→ **What you need to do**: Do not copy the pictures. Write out the lines from the start of the entries through the line containing "I dag går begge".

◆ ◆ ◆ ◆ ◆

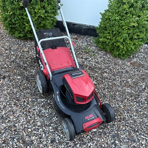 AL-KO Comfort 34 E er en elektrisk plæneklipper med en klippebredde på 34 cm. Den har en rød og hvid farve og er designet til effektiv græsslåning i private haver.
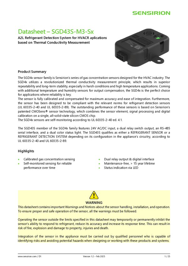 SGD43S-M3-S5 - Flexible and complete refrigerant leakage detection system for modern HVAC systems
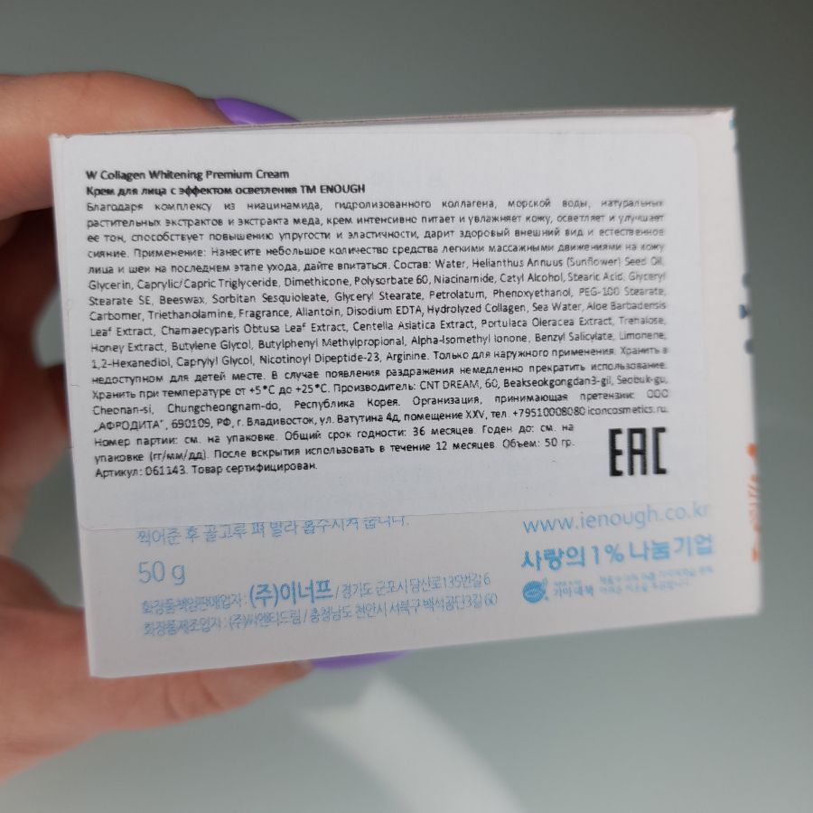 Возьмите кончиками пальцев немного крема, нанесите на лицо и равномерно распределите. Втирайте крем в кожу до полного впитывания. Используйте во время утренних и вечерних процедур. Для достижения наилучшего эффекта рекомендуется применять крем в комплексе с другими ухаживающими средствами серии Enough W Collagen.
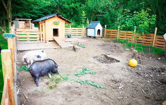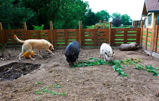 I dag går begge grise ude i indhegningen, hvor de roder og snasker i jorden dagen lang. Det gælder om at huske at lukke lågen, for ellers er Egon og Werner hurtigt ude på skovtur. I efteråret spiste de en stor del af havens nødder efter et uheld med en åben låge.
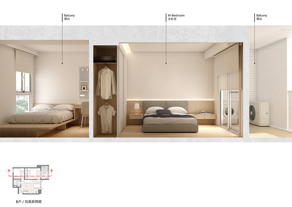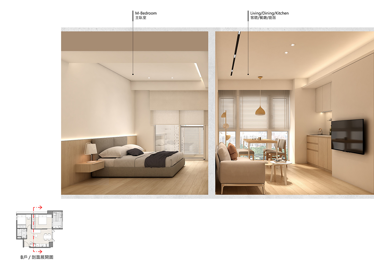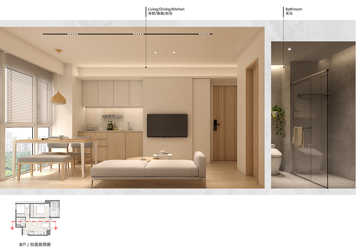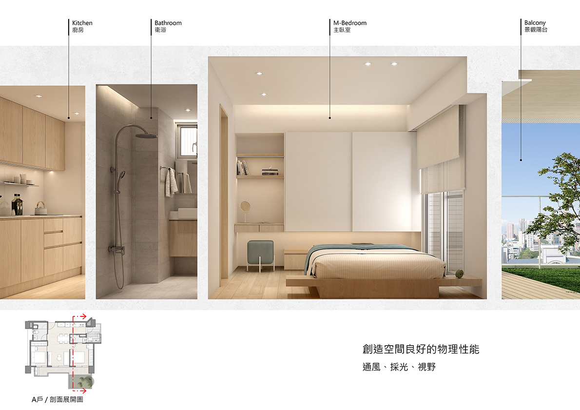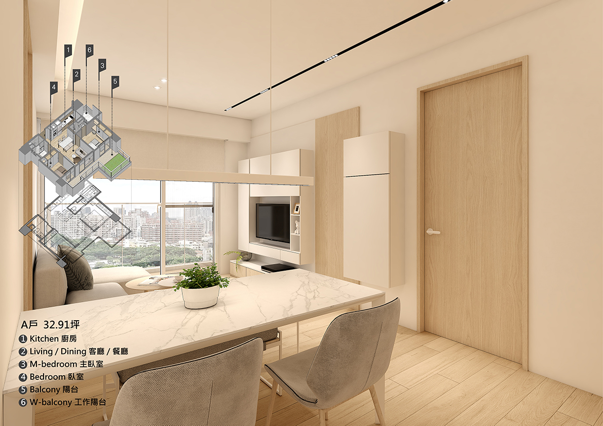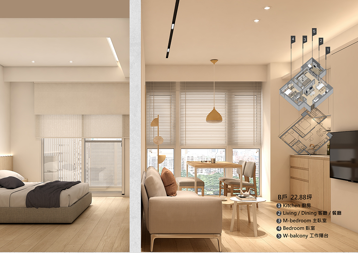 平面設計思考的同時,建築與室內空間同時並進,當您進入屋內,精巧的空間設計,沒有封閉的牆角,使得柔和的光線能夠透過陽台及窗戶進入室內,沒有過多的裝飾,一切美好源於自然,侘寂之美油然而生 !
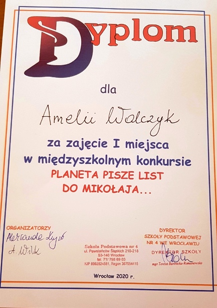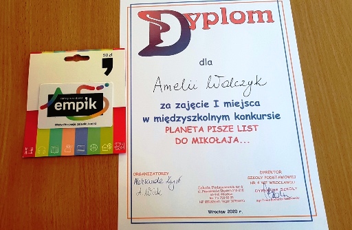 Uczennica naszej szkoły - Amelia Walczyk z kl. 7a - zajęła pierwsze miejsce w międzyszkolnym konkursie "Planeta pisze list do Mikołaja ...".
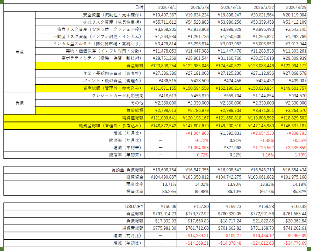 週次の推移を振り返ると、3月15日に一時的な回復(純資産149,200,509円)を見せましたが、それ以外は概ね右肩下がりの展開が続きました。

◆ ◆ ◆ ◆ ◆

→ **Written solution**:
 AL-KO Comfort 34 E er en elektrisk plæneklipper med en klippebredde på 34 cm. Den har en rød og hvid farve og er designet til effektiv græsslåning i private haver.
 SGD43S-M3-S5 - Flexible and complete refrigerant leakage detection system for modern HVAC systems
 Возьмите кончиками пальцев немного крема, нанесите на лицо и равномерно распределите. Втирайте крем в кожу до полного впитывания. Используйте во время утренних и вечерних процедур. Для достижения наилучшего эффекта рекомендуется применять крем в комплексе с другими ухаживающими средствами серии Enough W Collagen.
 I dag går begge grise ude i indhegningen, hvor de roder og snasker i jorden dagen lang. Det gælder om at huske at lukke lågen, for ellers er Egon og Werner hurtigt ude på skovtur. I efteråret spiste de en stor del af havens nødder efter et uheld med en åben låge.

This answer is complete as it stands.